## Your assignment
Leaving out every picture, quote the data below exactly as it appears.
[Start of Attachment]
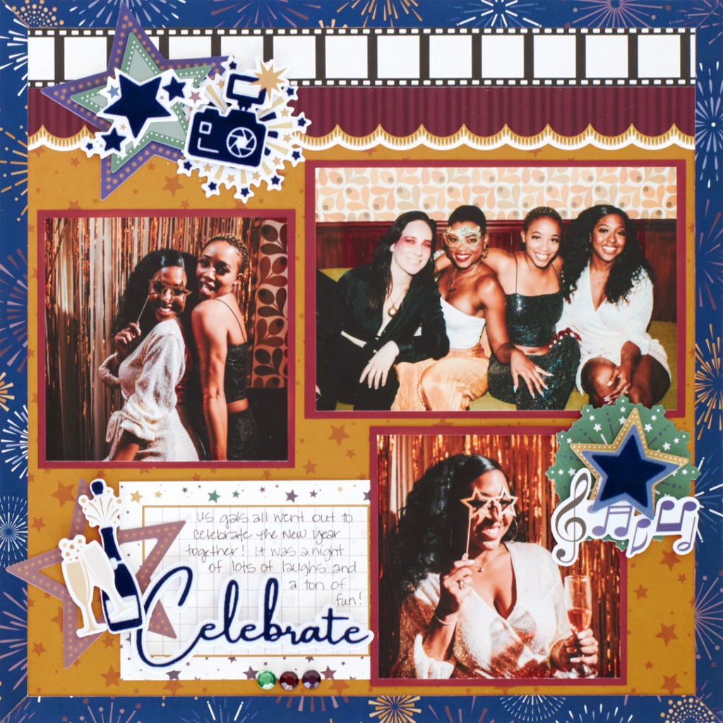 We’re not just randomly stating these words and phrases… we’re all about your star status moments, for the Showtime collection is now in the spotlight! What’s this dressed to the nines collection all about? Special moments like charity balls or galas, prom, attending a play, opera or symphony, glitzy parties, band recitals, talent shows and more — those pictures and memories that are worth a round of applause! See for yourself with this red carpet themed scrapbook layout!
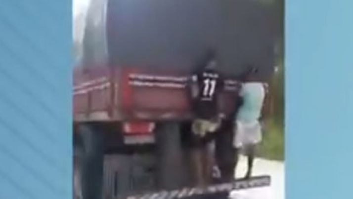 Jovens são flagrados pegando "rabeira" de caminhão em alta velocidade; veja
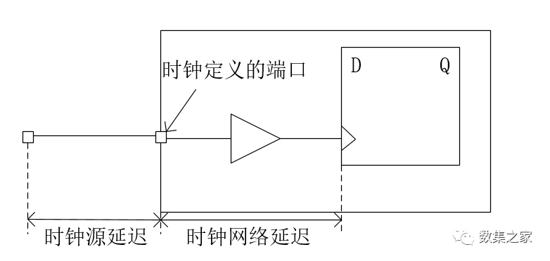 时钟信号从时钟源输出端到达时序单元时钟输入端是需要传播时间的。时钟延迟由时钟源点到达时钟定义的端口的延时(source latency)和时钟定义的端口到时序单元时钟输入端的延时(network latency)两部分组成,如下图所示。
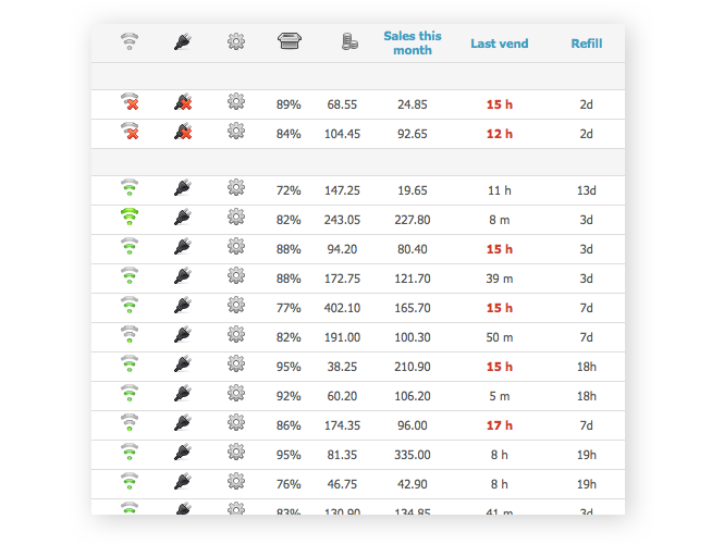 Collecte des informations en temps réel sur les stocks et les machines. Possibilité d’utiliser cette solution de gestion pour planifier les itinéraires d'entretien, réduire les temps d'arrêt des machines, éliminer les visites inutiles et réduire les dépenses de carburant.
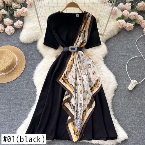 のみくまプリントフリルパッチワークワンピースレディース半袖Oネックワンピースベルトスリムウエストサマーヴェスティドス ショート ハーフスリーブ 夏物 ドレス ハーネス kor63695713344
[End of Attachment]
## Response below
 We’re not just randomly stating these words and phrases… we’re all about your star status moments, for the Showtime collection is now in the spotlight! What’s this dressed to the nines collection all about? Special moments like charity balls or galas, prom, attending a play, opera or symphony, glitzy parties, band recitals, talent shows and more — those pictures and memories that are worth a round of applause! See for yourself with this red carpet themed scrapbook layout!
 Jovens são flagrados pegando "rabeira" de caminhão em alta velocidade; veja
 时钟信号从时钟源输出端到达时序单元时钟输入端是需要传播时间的。时钟延迟由时钟源点到达时钟定义的端口的延时(source latency)和时钟定义的端口到时序单元时钟输入端的延时(network latency)两部分组成,如下图所示。
 Collecte des informations en temps réel sur les stocks et les machines. Possibilité d’utiliser cette solution de gestion pour planifier les itinéraires d'entretien, réduire les temps d'arrêt des machines, éliminer les visites inutiles et réduire les dépenses de carburant.
 のみくまプリントフリルパッチワークワンピースレディース半袖Oネックワンピースベルトスリムウエストサマーヴェスティドス ショート ハーフスリーブ 夏物 ドレス ハーネス kor63695713344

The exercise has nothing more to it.